In parallel, another important aspect of this co-operation will be the development, by NRC military representatives, of a joint, initial experimental TMD concept. That experimental concept would be the basis for the development of the architecture for a NATO - Russia joint deployment, as well as for an experimental Concept of Operations (CONOPS). The modelling and simulation of increasingly more complex scenarios to support the CONOPS could lead to modifications and further developments of the experimental concept in an incremental approach to solving the interoperability problems confronting us.

The systems and systems’ capabilities aspect of the work is dedicated to the analysis and evaluation of possible levels of interoperability and the means to attain such interoperability among respective NATO-Russian TMD systems in a methodical step-by-step approach.

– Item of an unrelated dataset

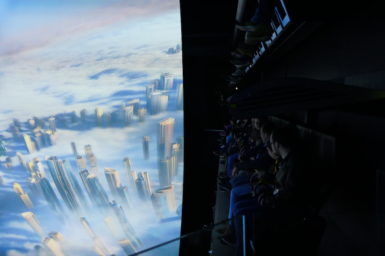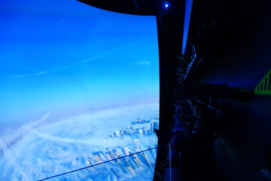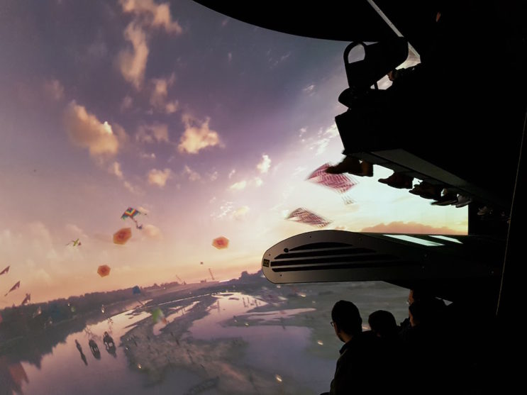 Prenez place sur l’un des sièges des trois niveaux de la plate-forme SkyLoop, écoutez les dernières consignes de sécurité, et bouclez votre ceinture. C’est parti pour 4 minutes de temps de vol pour faire le tour du monde ! Avec des effets embarqués, comme la simulation de vent, de brouillard ou encore des odeurs de patchouli, ce voyage va aussi être un voyage des sens. Vous allez être subjugué !

The key technical domains include the command and control and the early warning dimensions of defence against missile attack.

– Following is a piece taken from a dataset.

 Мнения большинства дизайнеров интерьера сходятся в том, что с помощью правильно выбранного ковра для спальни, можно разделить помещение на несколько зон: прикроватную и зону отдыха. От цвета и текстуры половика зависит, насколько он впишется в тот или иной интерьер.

To put those joint concepts to the test in a practical way, the training and exercise team must ultimately develop an operationally realistic TMD joint exercise. This part of the work would also benefit from the shared experience of Russian – United States’ TMD practical co-operation, in particular Command Post Exercises which, in recent years, have been organised biennially.

Co-operative Way Forward

Defence against theatre missile attacks is just one area in which NATO-Russia co-operation in the field of armaments magnifies our individual technical capacities to combat a common and dangerous threat. I believe that all 20 Nations in the NATO-Russia Council understand that we can ill afford to fail in that task. We live in an historic and exciting time of challenge and promise. After decades of confrontation and mistrust, today’s new security realities present us with a unique opportunity to construct a NATO-Russia relationship based on mutual trust, transparency and shared responsibilities. Those new qualities in our relationship will inevitably be strengthened, as we increasingly rely on one another in overcoming common threats. I have every confidence that our new and important co-operation in Theatre Missile Defence will add momentum to our efforts to build a durable security framework for the Euro-Atlantic region, on the essential foundation of true NATO -Russia partnership.